1967 Premio Sant Ambroeus
Opere pubblicate:
«Canzonett al ciar e al scur» (poesij in
dialett comasch e milanes), Como 1966 Nel
1967 pubblica anche un disco con 12 poesie, recitate da Piero
Mazzarella.
Scritti
sull'AutoreIntervista di Giorgio Bardaglio uscita sul Corriere di Como
il 22 febbraio 1998
La casa in cui abita è vasta quanto un castello. C’è pure un bel parco, con
alberi già lieti di accogliere la primavera. Lungo i viali si possono
parcheggiare decine d’auto. Giorno e notte si alterna numeroso il personale di
servizio.
Gisella Azzi da sei anni si è trasferita qui, a Rebbio. In una casa di riposo.

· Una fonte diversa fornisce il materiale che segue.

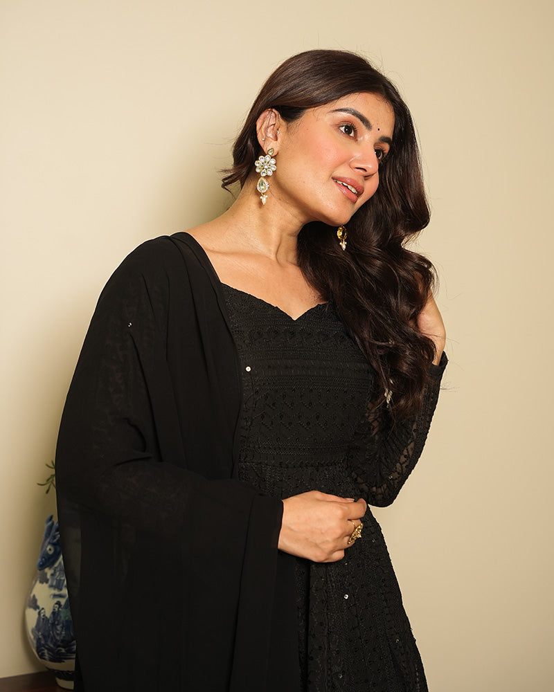 Embrace timeless elegance with this Black Color Georgette Lucknowi Three-Piece Anarkali Suit. Featuring intricate Lucknowi embroidery, this beautiful ensemble includes a chic Anarkali, matching dupatta, and bottom, perfect for weddings and festive occasions.

Non pensatela, però, come una vecchia sola, dimenticata e triste. Vi
sbagliereste. Gisella sembra la nonna di Cappuccetto Rosso. Capelli bianchi,
pelle morbida, voce infantile a dispetto del tempo. Gli acciacchi con l'età si
sono aggravati e non riesce più ad essere indipendente. Nel corpo, non nello
spirito. Prima di incontrarla ne conoscevamo a malapena il nome. Tutti, invece,
alla Ca’ d’Industria, sanno chi è Gisella.
Il portinaio ci scorta all'ascensore. Nella stanza al secondo piano non c’è.
Cerchiamo informazioni a un'infermiera, che chiede a un inserviente, che domanda
a un assistente. In un minuto si trova. La disturbiamo nella sala della
televisione. Quando ci presentiamo, riceviamo in cambio un sorriso tra il furbo
e il sognatore. «Mi è sempre piaciuto parlare con i giovanotti» dice. Aggiunge
un complimento. Comprendiamo più tardi che le nostre qualità non c’entrano. Sono
i suoi occhi a vedere il buono dappertutto.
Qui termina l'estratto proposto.